Nella fase sono identificate tre categorie di determinanti che influiscono sul comportamento individuale o collettivo:

  • Fattori predisponenti: precedono l’assunzione di un comportamento e forniscono l’impulso iniziale e la motivazione che sottostanno l’assunzione di un comportamento.
  • Fattori abilitanti: sono anch’essi antecedenti all’assunzione di un comportamento e facilitano e sostengono la motivazione che realizza l’assunzione di un comportamento e la performance di un’azione condotta da un individuo o da un’organizzazione.
  • Determinanti rinforzanti: contribuiscono e sono di incentivo al persistere e ripetersi di un comportamento. Essi interessano il giudizio (positivo o negativo) di un determinato comportamento di un soggetto.

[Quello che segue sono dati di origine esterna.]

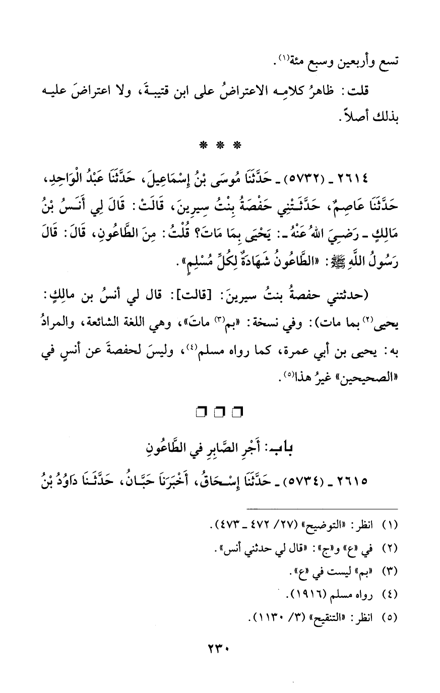 2614 - (5732) - حَدَّثَنَا مُوسَى بْنُ إِسْمَاعِيلَ، حَدَّثَنَا عَبْدُ الْوَاحِدِ، حَدَّثَنَا عَاصِمٌ، حَدَّثَتْنِي حَفْصَةُ بِنْتُ سِيرِينَ، قَالَتْ: قَالَ لِي أَنَسُ بْنُ مَالِكٍ - رَضِيَ اللهُ عَنْهُ -: يَحيىَ بمَا مَاتَ؟ قُلْتُ: مِنَ الطَّاعُونِ، قَالَ: قَالَ رَسُولُ اللَّهِ - صلى الله عليه وسلم -: "الطَّاعُونُ شَهادَةٌ لِكُلِّ مُسْلِمٍ".

Ogni comportamento può essere spiegato con il contributo complessivo dell’influenza di questi tre ordini di determinanti. Nessun comportamento o azione è riconducibile ad una sola causa, ma ogni determinante aumenta o riduce la probabilità che un’azione si verifichi, o che un comportamento venga assunto.

Ogni progetto che voglia influenzare un determinato comportamento deve considerare tutte e tre le posizioni dei determinanti. I criteri fondamentali che possono essere usati per la selezione sono l’importanza e la modificabilità.

Anche questo processo deve essere possibilmente realizzato non solo con scelte tecniche e metodologiche appropriate da parte dell’operatore, ma anche con modalità partecipative tra operatori che progettano, destinatari dell’intervento e promotori e sostenitori del progetto.